Faktor Aturan Recam Medic

I. PENDAHULUAN
            Pemeriksaan, pengobatan dan perawatan akan melahirkan kekerabatan antara pasien/ penderita atau keluarganya dengan dokter selaku eksklusif maupun selaku orang dalam bentuk tubuh hukum (rumah sakit, yayasan, atau lembaga lain yang bergerak di bidang pelayanan kesehatan).Pemeriksaan, pengobatan dan perawatan (termasuk informed consent) inilah yang akan dicatat di dalam rekaman medis, yang dalam keputusan disebut “Medical Record.”
             Sejak awal sejarah umuat manusia sudah dikenal adanya relasi dogma  antara dua manusia, yakni sang pengobatdan sang penderita, yang pada jaman terbaru ini disebut dengan transaksi terapeutik antara dokter dan                       
           
            Pembuatan catatan medis (yang sekarang disebut  Rekam Medis) di rumah sakit atau boleh dokter pada kartu pasien di daerah praktek sesungguhnya telah merupakan kebiasaan sejak jaman dahulu, namun belum menjadi keharusan, sehingga pelaksanaannya dianggap tidak begitu serius (baca pula J. Guwandi, 1991 : 73). Seiring dengan pertumbuhan penduduk yang sangat dinamis; tergolong masyarakat Indonesia, maka rekam medis menjadi sungguh penting dan diharapkan. Oleh karena itu, khusus di Negara Kesatuan Republik Indonesia, pemerintah mellaui Departemen Kesehatan sudah mengeluarkan Peraturan Menteri Kesehatan Nomor 749a/Menkes/ Per/XII/1989 ihwal Rekam Medis/ Medical  Records. Dengan diterbitkannya Permenkes ini pengadaan rekam medis menjadi suatu kewajiban atau sudah menjadi aturan yang mesti ditaati bagi setiap sarana pelayanan kesehatan.

II. PENGERTIAN
            Dalam bukunya yang berjudul “Legal Aspect of Medical Record” Hayt and Hayt mendefinisikan rekam medis sebagai berikut :
“A Medical record is the compilation of the partinent facta of the patient’s life history, his illness, and treatment. In a larger sense the medical record is compilation of scientifis data derived from many and available for various uses, personal and impersonal, to serve the patiens was treated, the science of medce, and society as awhole.” (Hayt and Hayt, 1964: 1).
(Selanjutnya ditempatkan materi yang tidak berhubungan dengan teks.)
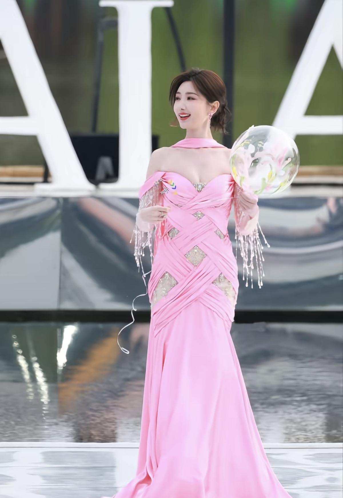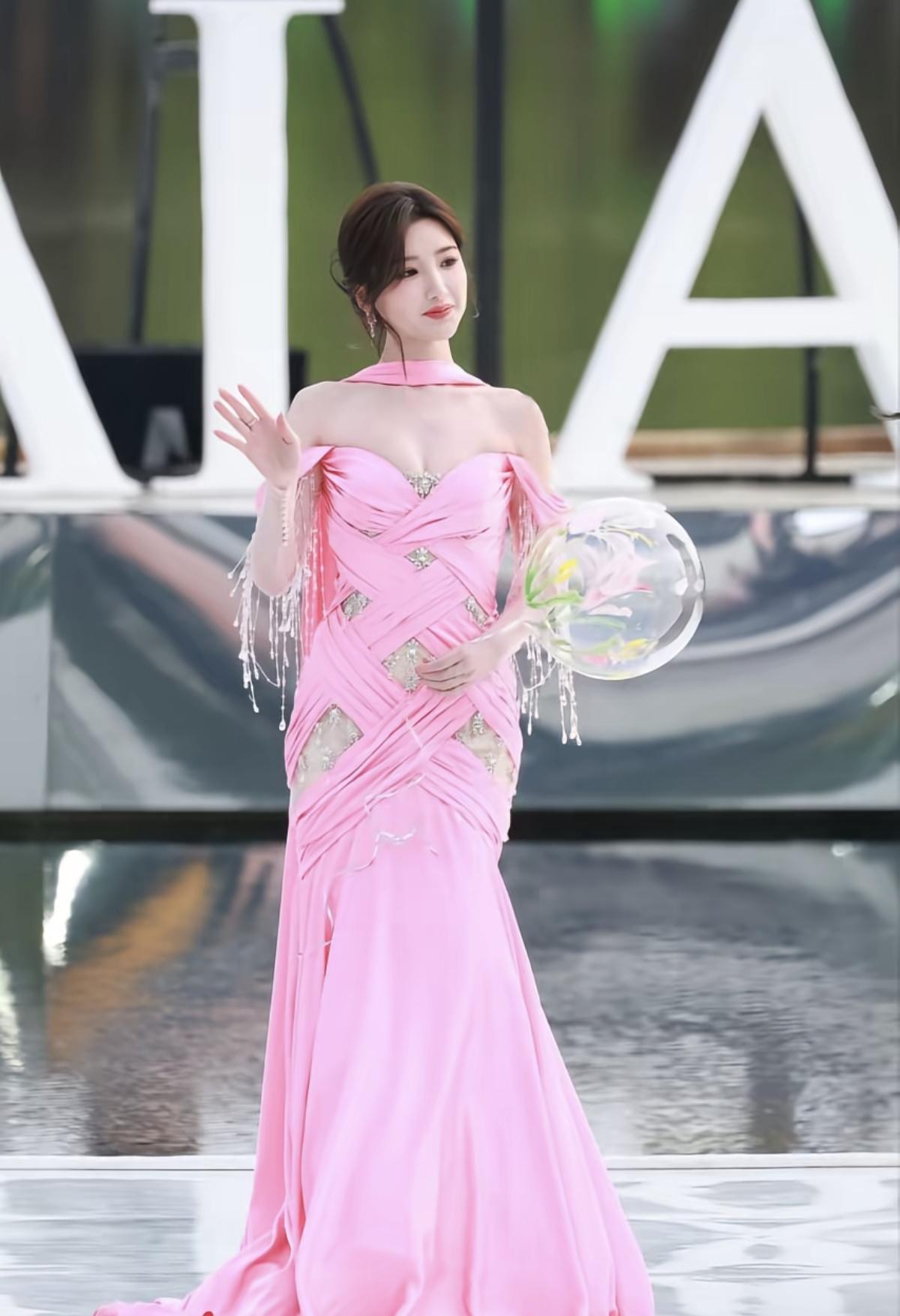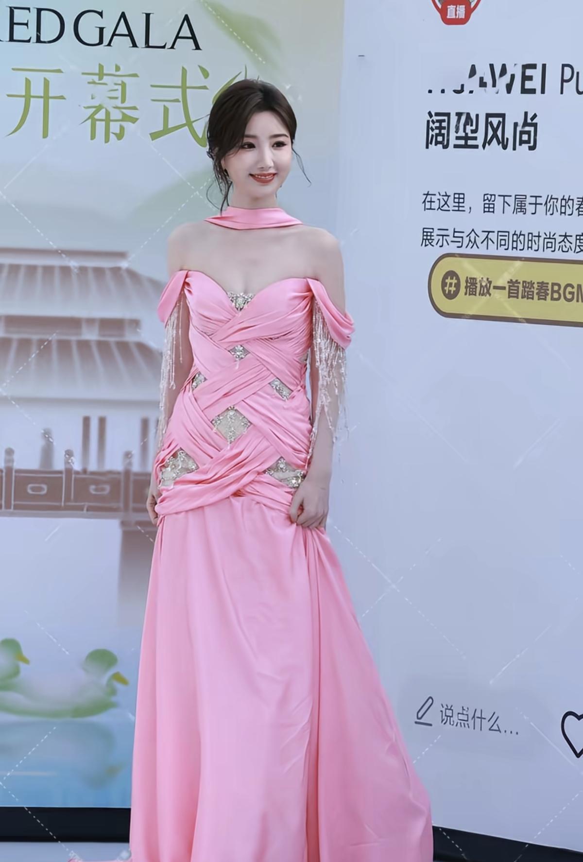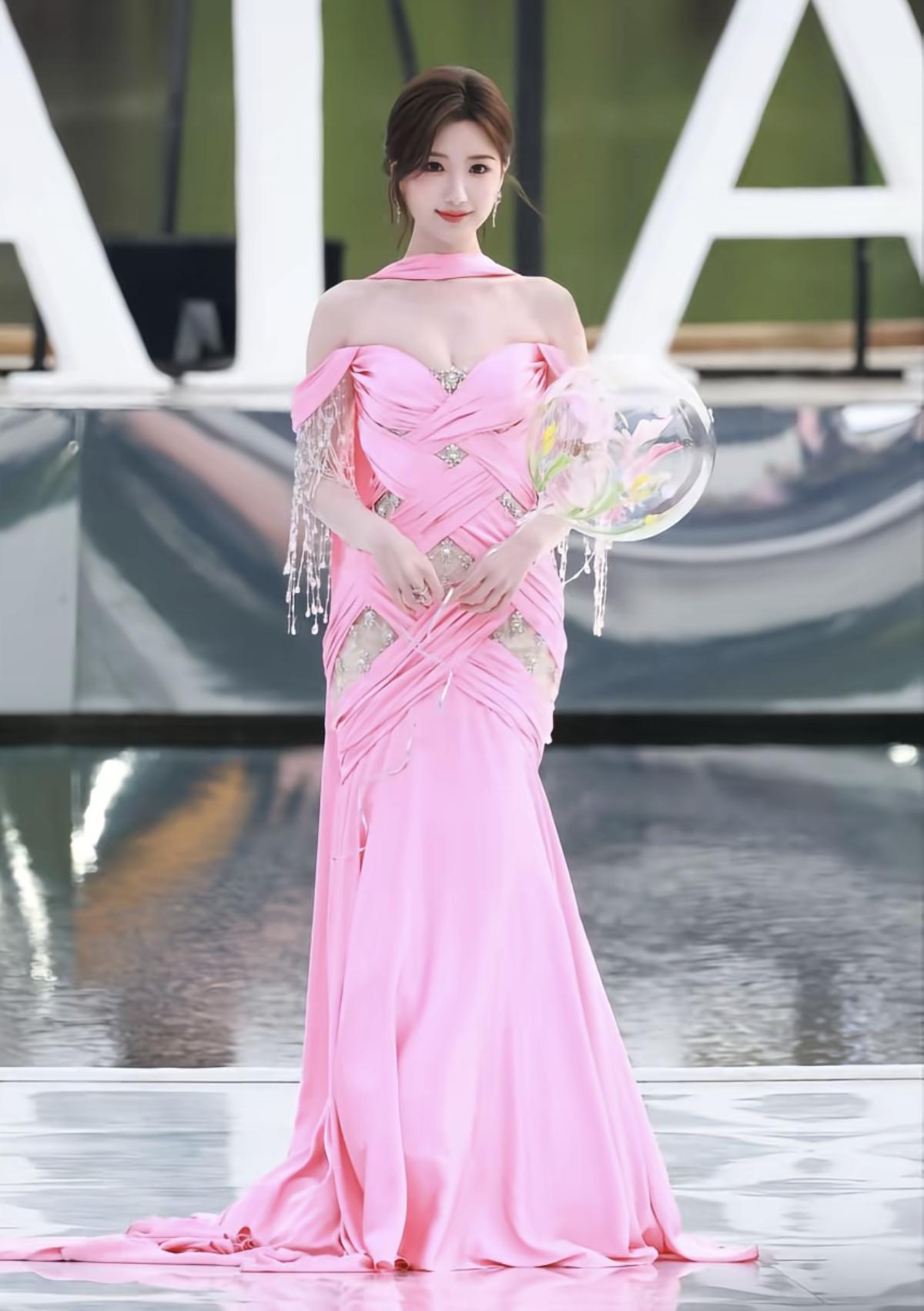 柔粉与流光的碰撞,毛晓彤用一袭露肩鱼尾礼服演绎优雅新可能[给力]交叉褶皱勾勒曲线

            Dengan demikian menurut Hayt and Hayt, sebuah rekam medis itu yaitu himpunan fakta-fakta yang berhubungan dengan sejarah /riwayat kehidupan pasien, sakitnya, perawat/pengobatannya. Dalam pengertian yang luas (lebih luas) rekam medik adalah suatu himpunan data ilmiah dari banyak sumber, dikoordinasikan pada satu dokumen dan yang disediakan  untuk beragam kegunaan, personel dan impersoanl, untuk melayani pasien dirawat, diobati , ilmu kedokteran, dan masyarakat secara keseluruhan.
            Lebih lanjut Hayt and Hayt mengemukakan (Hayt and Hay, 1964:1):
            “Medical Record are an important tool in the practice of medicine. They serve as a bassic for planning patient care; they provide a means contributing to the patient’s care; they furnish documentary evidence of the course of the patient’s illness and treadment and they serve as a bassic for review, study, and evaluation of the medical care renderen to the patient.”
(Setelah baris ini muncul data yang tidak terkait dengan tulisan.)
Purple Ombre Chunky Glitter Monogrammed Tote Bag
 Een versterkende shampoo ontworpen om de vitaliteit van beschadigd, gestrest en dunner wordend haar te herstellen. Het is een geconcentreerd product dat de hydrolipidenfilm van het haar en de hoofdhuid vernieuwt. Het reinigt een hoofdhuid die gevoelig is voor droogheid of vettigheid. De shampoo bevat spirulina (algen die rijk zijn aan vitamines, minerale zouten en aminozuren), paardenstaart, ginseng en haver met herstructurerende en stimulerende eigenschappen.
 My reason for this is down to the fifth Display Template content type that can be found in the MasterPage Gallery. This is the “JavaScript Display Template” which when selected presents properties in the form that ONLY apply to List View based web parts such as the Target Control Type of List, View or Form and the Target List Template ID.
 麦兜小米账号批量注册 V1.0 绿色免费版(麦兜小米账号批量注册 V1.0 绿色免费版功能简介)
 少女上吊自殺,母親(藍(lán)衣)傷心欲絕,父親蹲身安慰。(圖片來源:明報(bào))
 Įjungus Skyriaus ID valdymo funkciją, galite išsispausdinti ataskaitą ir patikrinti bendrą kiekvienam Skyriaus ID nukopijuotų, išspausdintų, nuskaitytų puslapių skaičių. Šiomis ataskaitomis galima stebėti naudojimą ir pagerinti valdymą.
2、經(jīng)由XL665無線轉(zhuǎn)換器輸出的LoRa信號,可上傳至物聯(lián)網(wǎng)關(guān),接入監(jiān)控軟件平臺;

            Dengan pernyataan tersebut di atas jelaslah bahwa rekam medis merupakan sarana penting dalam praktek kedokteran.
            Sedangkan menurut Gemala R. Hatta dalam makalahnya yang berjudul “Peranan  Rekaman Medik/Kesehatan (medical record) dalam Hukum Kedokteran,” rekam medis dirumuskan selaku kumpulan segala aktivitas yang dilakukan oleh para pramusaji kesehatan yang ditulis, digambarkan, atas aktivitas kepada pasien (Gemala R. Hatta, 1986:2).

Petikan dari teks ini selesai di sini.